Negative thermal expansion in Sc2Mo3O12:Sm3+ for white LEDs and unveiling the impact of phase transition on cryogenic luminescence

Abstract

Red-emitting phosphors are essential to achieve sustainable white-light-emitting diodes (WLEDs) for lighting and indoor plant growth. Materials with negative thermal expansion (NTE) can overcome the critical problem of the thermal quenching (TQ) of photoluminescence (PL). In this regard, we report a Sc₂Mo₃O₁₂:Sm³⁺ (SMO:Sm³⁺) reddish-orange emitting phosphor with no TQ up to 433 K. The intense charge transfer from the SMO matrix to the dopant (O²⁻ → Sm³⁺) reinforced the absorption of ultraviolet (UV) light, in addition to intra 4f–4f blue light excitation. The site occupation of Sm³⁺ was investigated using extended X-ray absorption fine structure (EXAFS) spectroscopy, and X-ray absorption near edge structure (XANES) spectroscopy ruled out any contribution of Sm²⁺ in the PL process. Temperature-dependent XRD studies revealed strong NTE in SMO, which induced promising anti-TQ performance via intensifying the charge transfer absorption and improved structural rigidity. As a result, 591% of its intensity at room temperature was retained at 433 K resulting in a ∼6-fold enhancement in Sm³⁺ emission. Moreover, we demonstrated two prototypes for lighting and indoor plant growth by fabricating the SMO:Sm³⁺ phosphor onto UV (280 nm) and 410 nm LED chips, respectively. The WLED offers a high color rendering index (CRI) of 84, CIE (0.33, 0.32), and correlated color temperature (CCT) of 5408 K, with a high luminous efficacy of 113 lm W⁻¹. The LED emission bands overlap with the absorption of phytochrome, P_R, which is essential for plant growth. We further investigated the temperature-dependent cryogenic PL properties and its correlation with phase transition.

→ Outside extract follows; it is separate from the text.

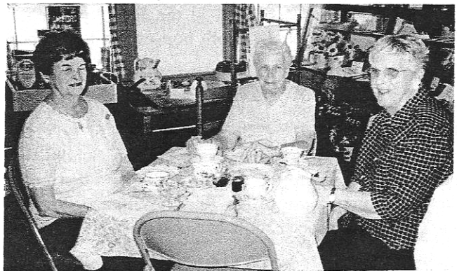
Photos from the Colonial Tea

Sunday, July 10, 1 - 4 p.m. Hunt House Museum Hunts Mills Road, Rumford Admission $3; $1 E.P. residents Free society members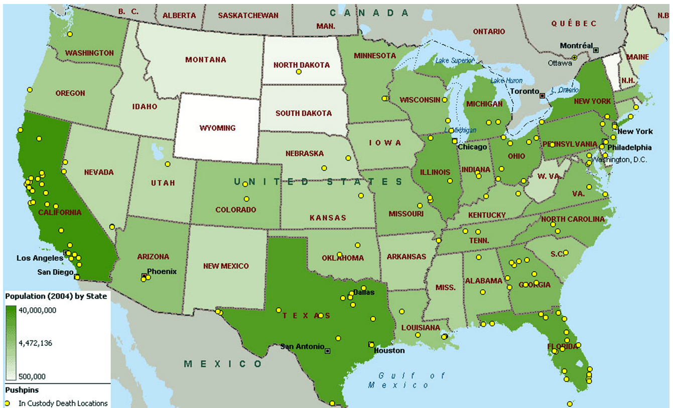
Figure 1. Map of ARD locations during the 12-month surveillance period. Note that many of the mapped points are overlapping, so some map points represent more than one event.

of ARDs primarily due to lack of reporting compliance and the inclusion of all types of death that occurred in custody. Our project primarily examines deaths other than homicide or suicide, namely sudden, unexpected death during custodial arrest from no readily apparent cause.

These findings revealed that the lattice phase transition has minimal impact on the Sm³⁺ local structure and its luminescence profile. Interestingly, we discovered the green emission of the monoclinic SMO phase at liquid nitrogen temperature (−193 °C). The MoO₄²⁻ emission diminished on phase transition from monoclinic to orthorhombic SMO at room temperature. Our results demonstrate the potential of SMO:Sm³⁺ phosphors for applications in lighting and indoor plant growth LEDs with anti-TQ properties.